### ACTION ITEM
Transcribe, exactly and without pictures, the lines below from the line with "Sehe ich anders." to the line with "村民們?cè)谖幕瘡V場(chǎng)休閑娛樂(lè)。深州市融媒體中心供圖", both ends included, and no others.

### RECORD EXTRACTS
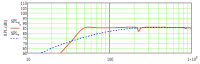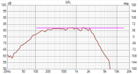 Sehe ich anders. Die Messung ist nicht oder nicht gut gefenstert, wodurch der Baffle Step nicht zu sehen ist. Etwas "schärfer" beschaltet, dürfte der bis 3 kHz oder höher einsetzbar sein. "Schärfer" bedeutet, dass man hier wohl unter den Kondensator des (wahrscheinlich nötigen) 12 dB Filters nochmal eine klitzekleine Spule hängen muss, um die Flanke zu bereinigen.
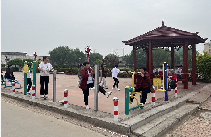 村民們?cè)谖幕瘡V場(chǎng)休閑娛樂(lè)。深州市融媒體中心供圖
...
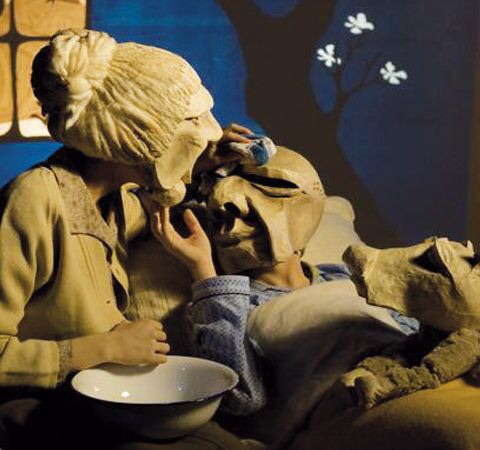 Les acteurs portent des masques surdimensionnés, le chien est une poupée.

### SOLUTION
 Sehe ich anders. Die Messung ist nicht oder nicht gut gefenstert, wodurch der Baffle Step nicht zu sehen ist. Etwas "schärfer" beschaltet, dürfte der bis 3 kHz oder höher einsetzbar sein. "Schärfer" bedeutet, dass man hier wohl unter den Kondensator des (wahrscheinlich nötigen) 12 dB Filters nochmal eine klitzekleine Spule hängen muss, um die Flanke zu bereinigen.
 村民們?cè)谖幕瘡V場(chǎng)休閑娛樂(lè)。深州市融媒體中心供圖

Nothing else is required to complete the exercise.